As the article of Tridimas shows, key issues regarding the definition, nature and role as a source of law of general principles remain unresolved. Several contributions to this issue demonstrate, furthermore, that the interaction between European case law and general principles is a dynamic one, constantly in flux. Renewed attention on well-established principles of EU law such as the duty of care (Hofmann) and the principle of effective judicial protection (Prechal) are also offered in the issue. Finally, the issue contains a number of examples of the several ‘shades of Europeanisation’ of general principles: the principle of transparency (Drahmann) and the precautionary principle (Kegge) in Dutch law, the principle of legitimate expectations in Spanish law (Arroyo Jiménez and Doménech Pascual), the principle of proportionality in the laws of Sweden, Finland and Denmark (Wenander) and in the Italian legal system (Borriello).

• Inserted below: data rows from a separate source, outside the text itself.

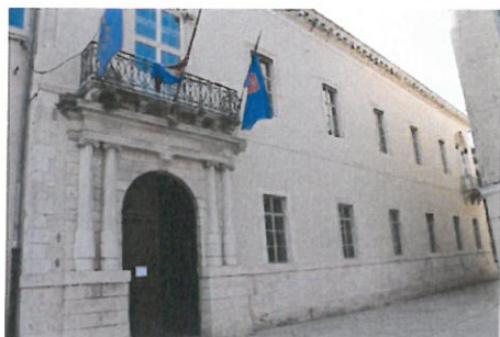
Slika 16: Kneževa palača, Zadar

Koordinator projekta je Javna ustanova Agencija za razvoj Zadarske županije ZADRA NOVA, nositelj projekta je Grad Zadar, a partneri su Narodni muzej Zadar, Turistička zajednica grada Zadra te Sveučilište u Zadru. Provedba projekta Obnova i turistička valorizacija kulturno povijesnog kompleksa Kneževa palače odobrenog za financiranje na natječaju za razvoj poslovne infrastrukture, iz Operativnog programa Regionalna konkurentnost 2007.—2013., započela
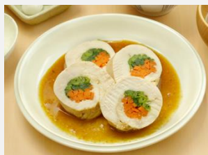
黄金の味で色鶏ロール
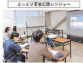
オンラインで活動内容を聞く部員

鳥取県は、若者の市政参画を促すため、本年度、「とっとり若者広聴レンジャー」に鳥取東高の生徒4人組と鳥取大の学生4人組の2チーム、計8人を任命した。県政の課題の解決につながる政策を提案しようと、それぞれがテーマを持って、地域に向き、取材、調査活動に取り組んでいる。各チームが目指す方向性と、これまでの活動を紹介する。
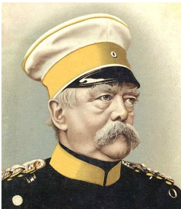
Отто фон Бисмарк
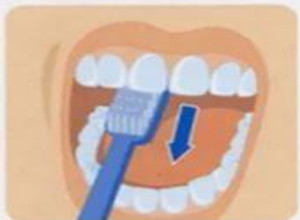
3. Внутренние поверхности передних зубов
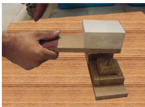
ت ۲. آزمون مقاومت سایشی.

برای آزمایش جذب مویینگی نمونه خشت‌ها به مدت ۲۴ ساعت در دمای ۶۰ درجه سانتی‌گراد در اون قرار داده شد تا رطوبت آن بخار شود و کاملاً خشت گردد. سپس خشت‌ها در دسیکاتور خنک شدند (به مدت نیم ساعت تا ۱ ساعت). پس از آن کف یک سینی یک تکه ابر به ضخامت ۱ سانتی‌متر و پارچه‌ای نخی روی آن قرار داده شد و به اندازه ضخامت ابر به سینی آب مقطر اضافه شد خشت‌ها به فاصله زمانی ۱۰ ثانیه پشت سر هم داخل سینی روی ابر قرار گرفته و به فاصله‌های زمانی معین شده برای این آزمایش، ارتفاع آب بالا آمده در خشت‌ها اندازه گرفته شد (تصویر شماره ۳). لازم است که هر چند دقیقه دوباره به سینی آب مقطر اضافه گردد تا آب جذب شده در نمونه‌ها جبران شود. این کار تا زمان بالا آمدن آب در چهار وجه خشت و اشباع کامل ادامه یافت و زمان نهایی ثبت گردید. پس از این آزمون و پس از اشباع کامل نمونه‌های خشت، روی آن‌ها آزمون مقاومت فشاری انجام پذیرفت تا مقاومت در مقابل فشار نمونه‌های خیس نیز اندازه گیری گردد.
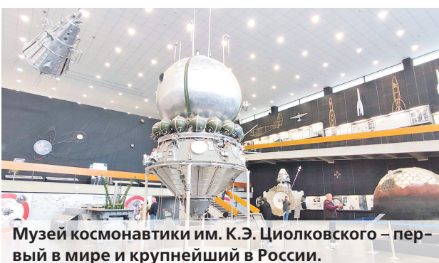
Музей космонавтики им. К.Э. Циолковского — первый в мире и крупнейший в России.

периментах и изобретениях, а также увидите мастерскую, где ученый проводил эксперименты, с выходом на крышу — там был установлен телескоп, в который он наблюдал за небом.
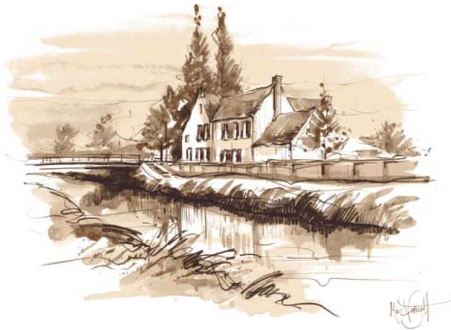
De Grote Nete aan de Hullebrug (tekening Marc Verreydt)

Beelden uit mijn kinderjaren Ut mijn jeugd zo vrij en blij Trekken somtijds kalm en rustig Aan mijn peinzend oog voorbij Ik denk nog dikwijls aan die dagen Van geluk en stille vree
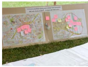
写真-3 (右) 注目エリアの拡大地図とコメント

This issue is closed with three reviews of books which, again, examine questions going to the core of the decentralized system of implementation and application of EU law – public procurement, access to information, and the practical workings of the preliminary ruling procedure.

Because of its European and comparative focus, this issue is quite exemplary of what the Review of European Administrative Law aims to establish: a vibrant, passionate, broad community of European and comparative administrative lawyers.